The OATH module enables applications, such as an authenticator app, to store OATH TOTP and HOTP secrets on a YubiKey, and to retrieve one-time passwords.
It requires at minimum Java 7 or Android 4.4. Future versions may require a later baseline. Anything lower than Android 8.0 may receive less testing by Yubico.
dependencies {
// core library, connection detection, and raw commands communication with YubiKey
implementation 'com.yubico.yubikit:yubikit:$yubikitVersion'
// OATH
implementation 'com.yubico.yubikit:oath:$yubikitVersion'
// Optional: dependency required for QR scan code functionality (QrActivity)
implementation 'com.google.android.gms:play-services-vision:18.0.0'
}And in gradle.properties set latest version. Example:
yubikitVersion=1.0.0-beta05<dependency>
<groupId>com.yubico.yubikit</groupId>
<artifactId>yubikit</artifactId>
<version>1.0.0-beta05</version>
</dependency>
<dependency>
<groupId>com.yubico.yubikit</groupId>
<artifactId>oath</artifactId>
<version>1.0.0-beta05</version>
</dependency>This module requires the yubikit core module to detect the YubikeySession (see Using YubiKit)

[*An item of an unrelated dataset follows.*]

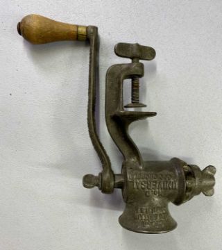 CAST IRON KITCHENALIA, 19th century and later including circular kettle and cover, 31cms (h), goffering iron, 16cms (h), doorstop, 21cms (h), two flat irons, one trivet and a Number 0 universal food chopperProvenance: private collection Denbighshire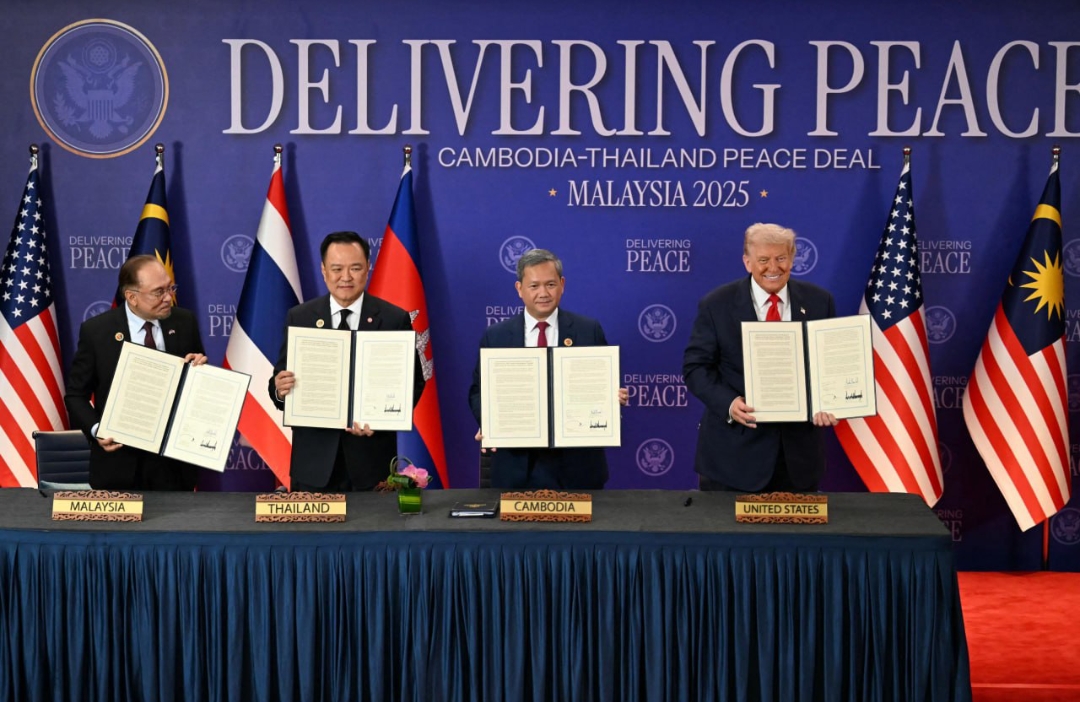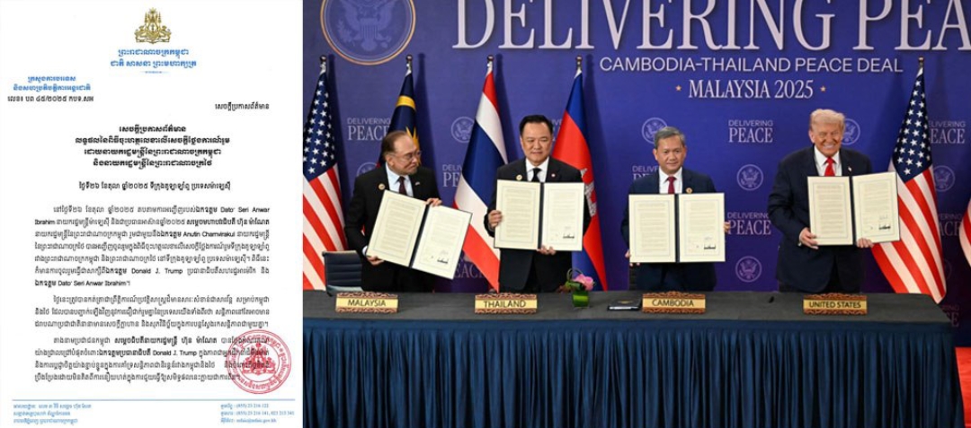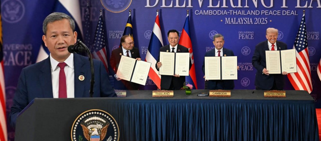 កិច្ចព្រមព្រៀងសន្តិភាពកម្ពុជា-ថៃ ត្រូវបានចុះហត្ថលេខារួចហើយ ដោយនាយករដ្ឋមន្រ្តីប្រទេសទាំងពីរ ក្រោមអធិបតីភាព ប្រធានាធិបតីអាមេរិក និងវត្តមាននាយករដ្ឋមន្រ្តីម៉ាឡេស៊ី អំឡុងកិច្ចប្រជុំកំពូលអាស៊ាន

First, create an OathApplication to select OATH applet on YubiKey.
OathApplication oathApplication = new OathApplication(session);
// run provided command/operation (put/calculate/delete/etc)
// example:
// try {
// oathApplication.putCredential(Credential.parseUri(uri), appInfo);
// } catch (ParseUriException | IOException | ApduException e) {
// // handle errors
// }
Next, use the OathApplication to add, remove, list, and calculate credentials.
The OathApplication implements the YKOATH protocol. Refer to the YKOATH protocol specification for more details.
In addition, the OathApplication provides an interface for setting/validating a password on credential storage, calculating all credentials and resetting the OATH application to its default state. For the complete list of methods look at the OathApplication class documentation.
The OATH module also provides a class for defining an OATH Credential. Use its convenience initializer Credential.parseUri to parse the credential parameters from Uri of Key Uri Format.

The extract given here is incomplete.